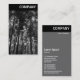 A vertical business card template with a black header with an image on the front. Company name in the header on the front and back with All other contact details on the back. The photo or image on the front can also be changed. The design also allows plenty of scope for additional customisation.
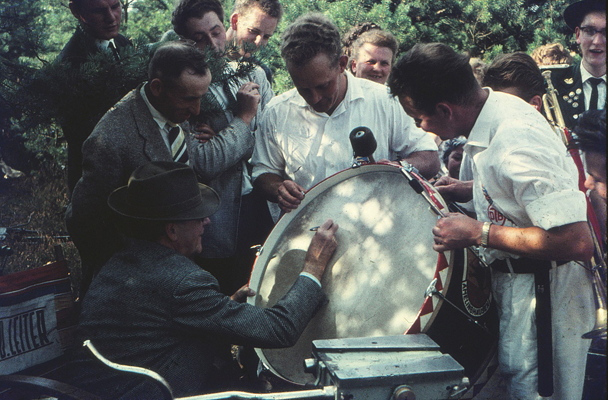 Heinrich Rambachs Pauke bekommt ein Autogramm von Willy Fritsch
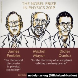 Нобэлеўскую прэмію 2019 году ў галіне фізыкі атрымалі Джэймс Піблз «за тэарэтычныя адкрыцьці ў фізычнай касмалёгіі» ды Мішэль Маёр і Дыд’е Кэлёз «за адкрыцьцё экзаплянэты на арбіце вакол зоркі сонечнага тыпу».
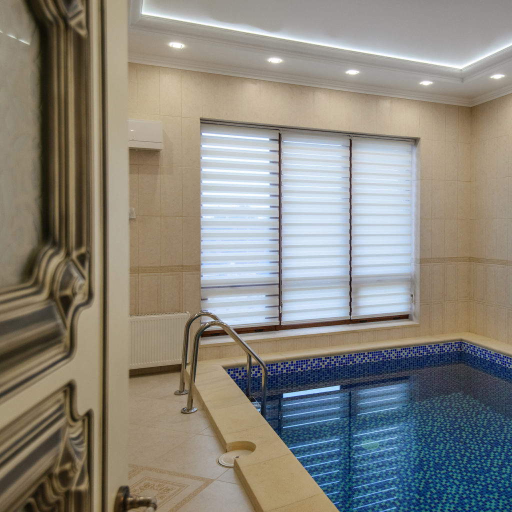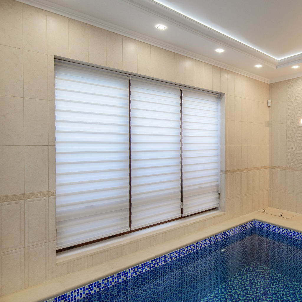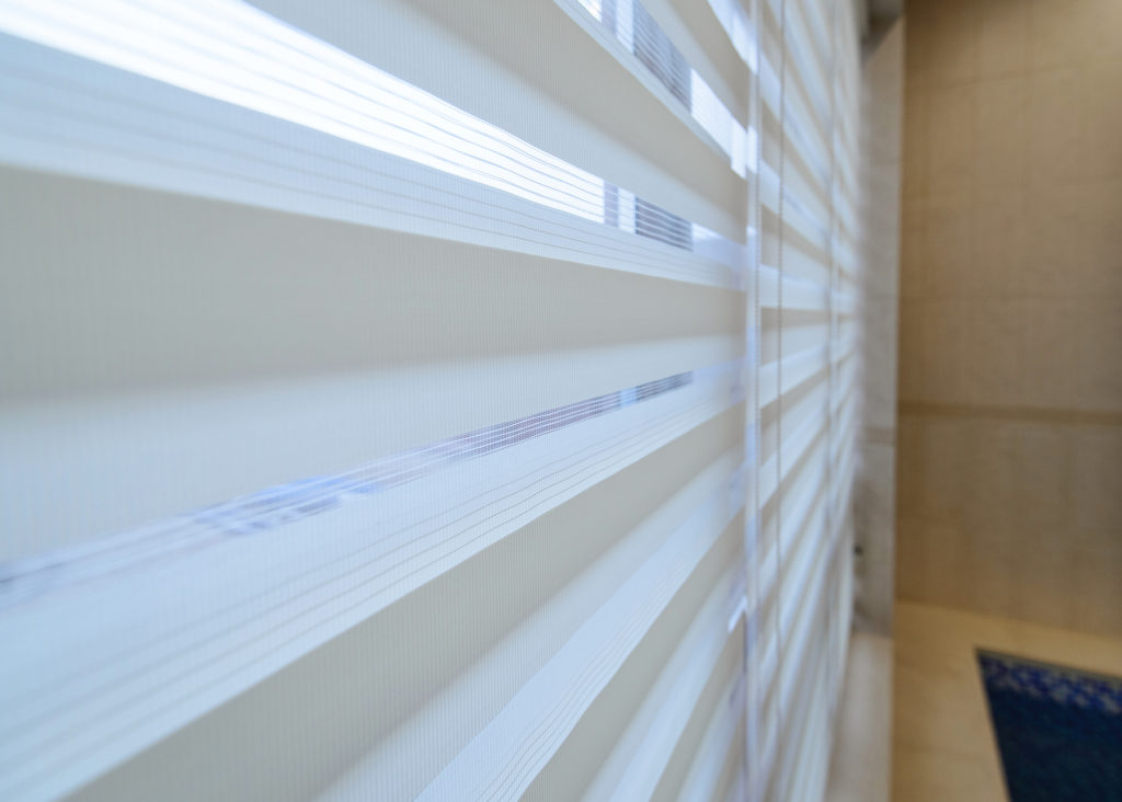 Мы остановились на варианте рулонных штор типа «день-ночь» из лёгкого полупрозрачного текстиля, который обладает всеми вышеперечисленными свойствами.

■ What to produce
Print the whole listing above exactly, and keep every picture out of the copy.

■ Answer space
 A vertical business card template with a black header with an image on the front. Company name in the header on the front and back with All other contact details on the back. The photo or image on the front can also be changed. The design also allows plenty of scope for additional customisation.
 Heinrich Rambachs Pauke bekommt ein Autogramm von Willy Fritsch
 Нобэлеўскую прэмію 2019 году ў галіне фізыкі атрымалі Джэймс Піблз «за тэарэтычныя адкрыцьці ў фізычнай касмалёгіі» ды Мішэль Маёр і Дыд’е Кэлёз «за адкрыцьцё экзаплянэты на арбіце вакол зоркі сонечнага тыпу».
 Мы остановились на варианте рулонных штор типа «день-ночь» из лёгкого полупрозрачного текстиля, который обладает всеми вышеперечисленными свойствами.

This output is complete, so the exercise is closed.